Records supplied section start

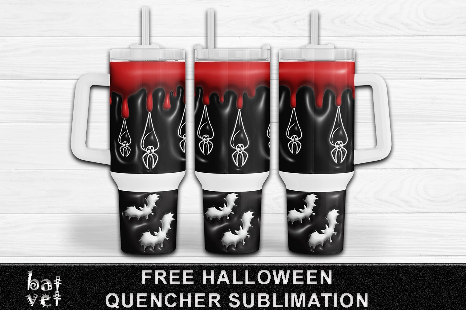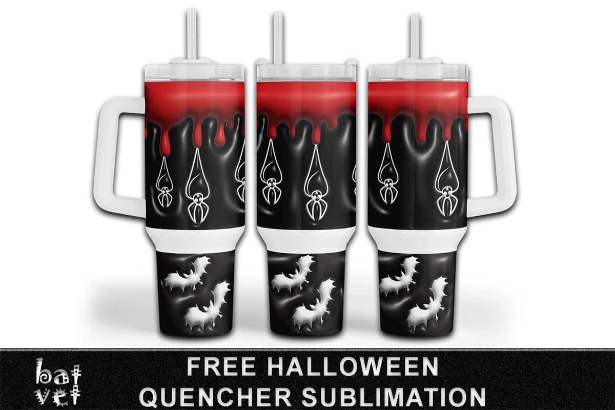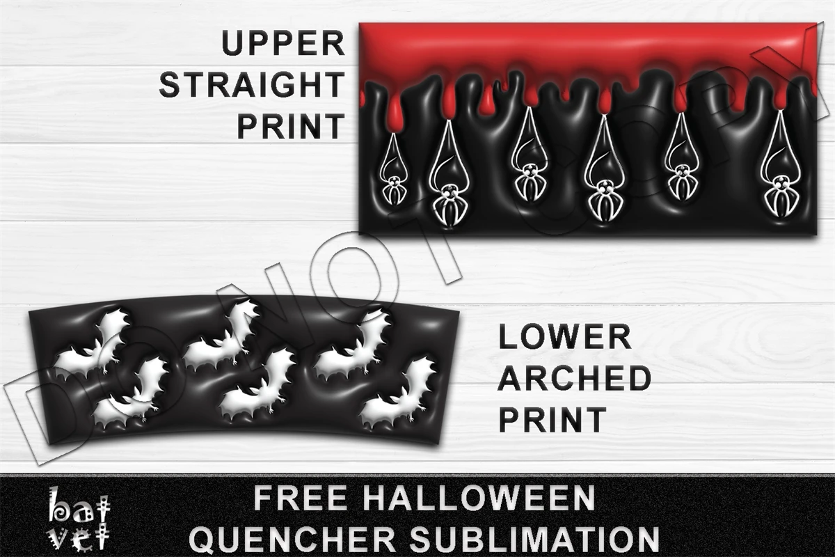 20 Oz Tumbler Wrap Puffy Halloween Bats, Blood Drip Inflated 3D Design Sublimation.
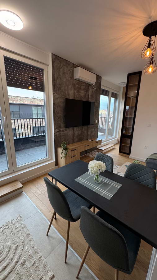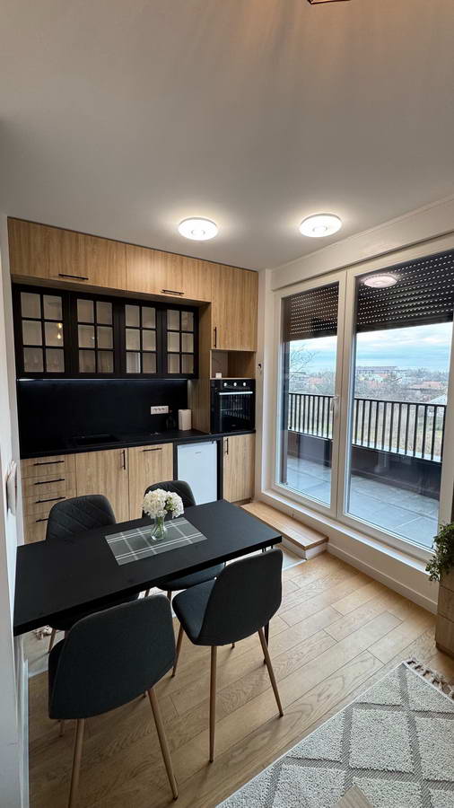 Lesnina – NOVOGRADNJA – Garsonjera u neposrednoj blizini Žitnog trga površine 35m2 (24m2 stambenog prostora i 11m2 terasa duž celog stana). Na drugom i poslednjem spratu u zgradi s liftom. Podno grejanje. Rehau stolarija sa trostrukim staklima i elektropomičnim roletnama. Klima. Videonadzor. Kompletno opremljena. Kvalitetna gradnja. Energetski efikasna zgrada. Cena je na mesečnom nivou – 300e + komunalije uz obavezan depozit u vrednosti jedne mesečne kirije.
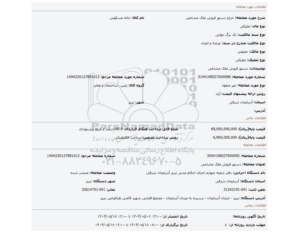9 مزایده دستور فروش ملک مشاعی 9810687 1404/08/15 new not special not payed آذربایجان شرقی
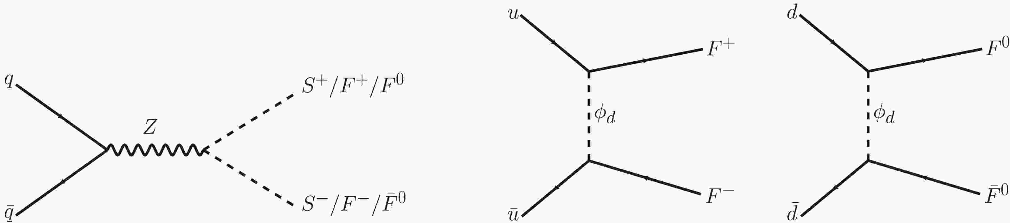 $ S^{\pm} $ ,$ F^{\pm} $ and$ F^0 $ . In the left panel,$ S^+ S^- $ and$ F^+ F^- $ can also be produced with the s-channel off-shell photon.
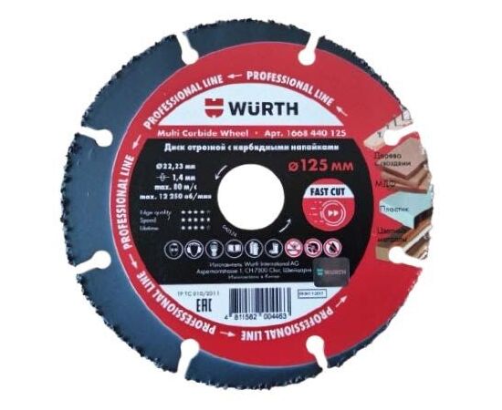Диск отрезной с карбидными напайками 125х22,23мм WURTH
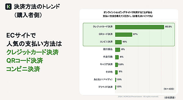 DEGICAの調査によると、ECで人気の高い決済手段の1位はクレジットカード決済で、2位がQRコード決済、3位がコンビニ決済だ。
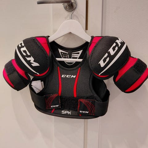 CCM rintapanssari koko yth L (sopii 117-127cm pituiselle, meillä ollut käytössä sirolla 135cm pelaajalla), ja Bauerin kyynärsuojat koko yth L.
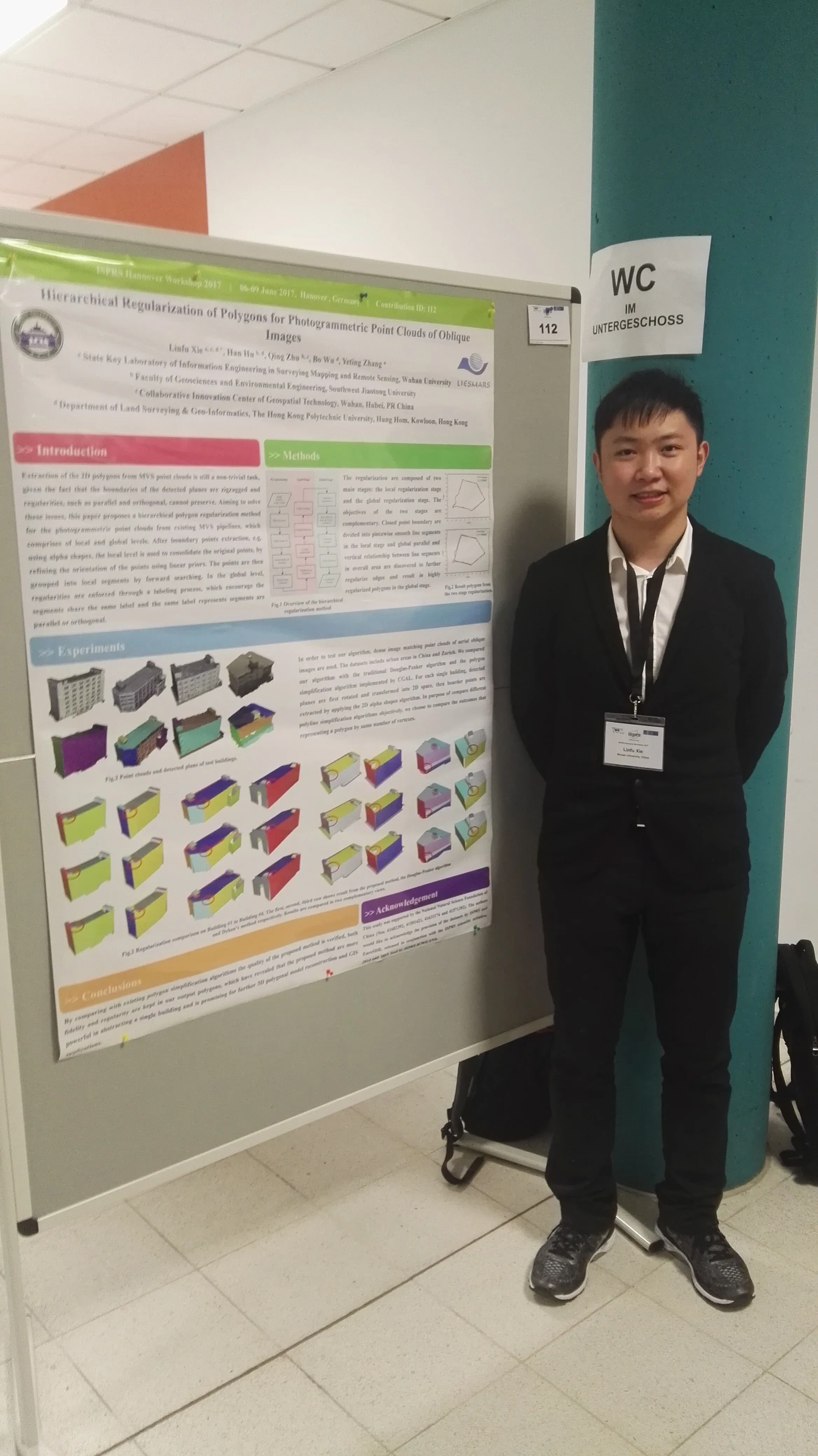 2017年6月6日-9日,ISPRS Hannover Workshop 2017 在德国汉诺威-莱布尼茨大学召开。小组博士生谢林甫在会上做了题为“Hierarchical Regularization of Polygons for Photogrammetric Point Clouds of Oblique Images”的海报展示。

Records supplied section end
Records supplied section start

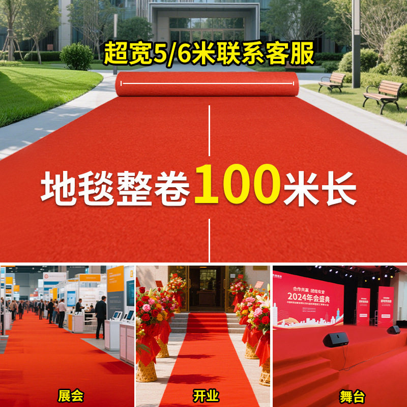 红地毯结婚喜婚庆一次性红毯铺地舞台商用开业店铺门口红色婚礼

Records supplied section end

▸ What you should do
Go to the line above that has "s-channel off-shell photon." and copy exactly from there down to the line that has "2017年6月6日-9日,ISPRS Hannover Workshop", both included. Leave the pictures out.

▸ Answer to this problem
 $ S^{\pm} $ ,$ F^{\pm} $ and$ F^0 $ . In the left panel,$ S^+ S^- $ and$ F^+ F^- $ can also be produced with the s-channel off-shell photon.
Диск отрезной с карбидными напайками 125х22,23мм WURTH
 DEGICAの調査によると、ECで人気の高い決済手段の1位はクレジットカード決済で、2位がQRコード決済、3位がコンビニ決済だ。
 CCM rintapanssari koko yth L (sopii 117-127cm pituiselle, meillä ollut käytössä sirolla 135cm pelaajalla), ja Bauerin kyynärsuojat koko yth L.
 2017年6月6日-9日,ISPRS Hannover Workshop 2017 在德国汉诺威-莱布尼茨大学召开。小组博士生谢林甫在会上做了题为“Hierarchical Regularization of Polygons for Photogrammetric Point Clouds of Oblique Images”的海报展示。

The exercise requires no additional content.